Por mais que a diplomacia brasileira tente preparar um Bolsonaro mais centrado, no entanto, o texto final lido pelo presidente é fechado no Palácio do Planalto, e existe o receio de que ele use o púlpito da ONU também para criticar outros países com governos de esquerda. O presidente insistiu em eventos recentes em criticar não só a ditadura da Nicarágua, mas também os vizinhos democráticos Chile e Argentina, em acenos a sua base mais radicalizada.
Se for bem aceito, o discurso deve ser usado na campanha, principalmente em vídeos curtos para redes sociais. Assim como em anos anteriores, aliados do presidente já esperam que a comitiva seja alvo de protestos políticos ou de ambientalistas em Nova York.
Discursando pela quarta vez na ONU, o Bolsonaro que chega ao evento em 2022 é diferente do de anos anteriores. Em 2019, quando havia grande expectativa sobre sua estreia, o presidente fez um discurso agressivo e inusual entre líderes brasileiros. Em 2020, gravou pronunciamento exibido de forma remota na Assembleia devido à pandemia e se defendeu das críticas pelo descontrole da Covid no país.

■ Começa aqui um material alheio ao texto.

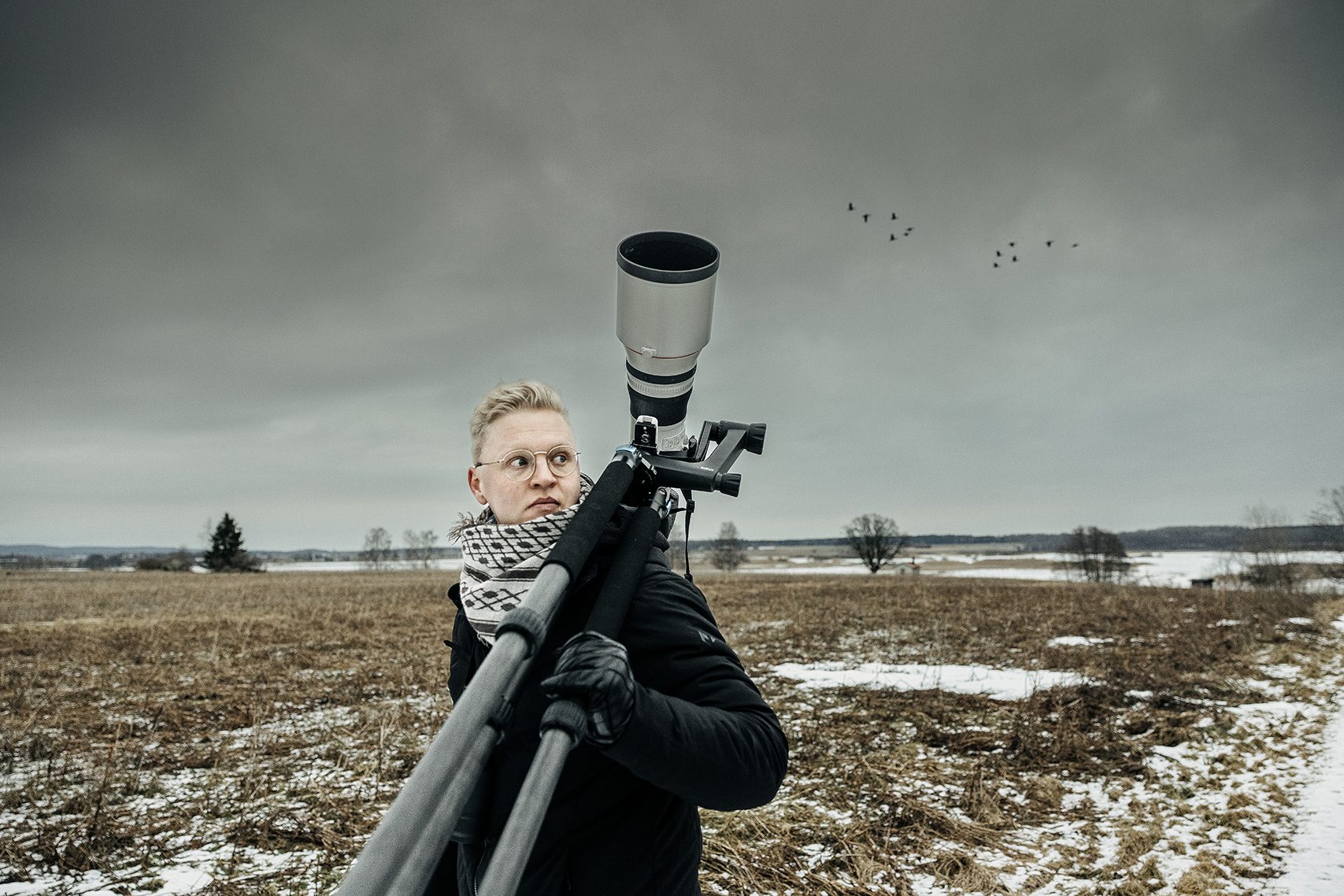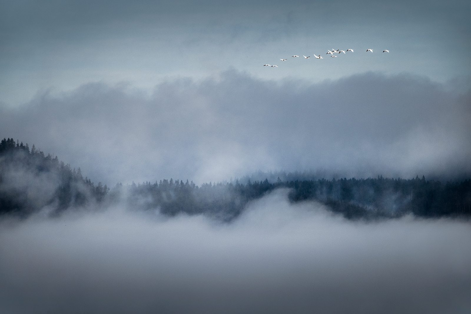Kameran står på ett stadigt stativ mellan vassruggarna. Jonas söker av skogsranden med kikaren och lyssnar intensivt. Ett avlägset trumpetande hörs, snart sveper fem bländvita silhuetter med långsträckta halsar in söderifrån.

Em 2021, a viagem foi marcada pela recusa do presidente em se imunizar contra a Covid-19 e pela dúvida quanto às regras que proibiam pessoas não vacinadas de participarem de eventos em locais fechados. A ONU liberou, mas a cidade de Nova York, não —o que resultou nas imagens de Bolsonaro comendo pizza na calçada com ministros e em uma tenda montada do lado de fora de uma churrascaria brasileira.
Aquele também foi o primeiro ano de Joe Biden na Presidência dos Estados Unidos, e havia certa tensão entre os dois, já que o brasileiro apoiou abertamente a reeleição de Donald Trump e repetiu suspeitas infundadas de fraude no pleito americano. Na ocasião, os dois líderes não se encontraram.
Em 2022, Bolsonaro viaja a Nova York com uma relação mais apaziguada com Biden. Eles se reunirem pela primeira vez em junho, durante a Cúpula das Américas, ainda que Washington tenha dado recados de que não deve embarcar em uma aventura golpista caso o brasileiro não respeite o resultado das eleições.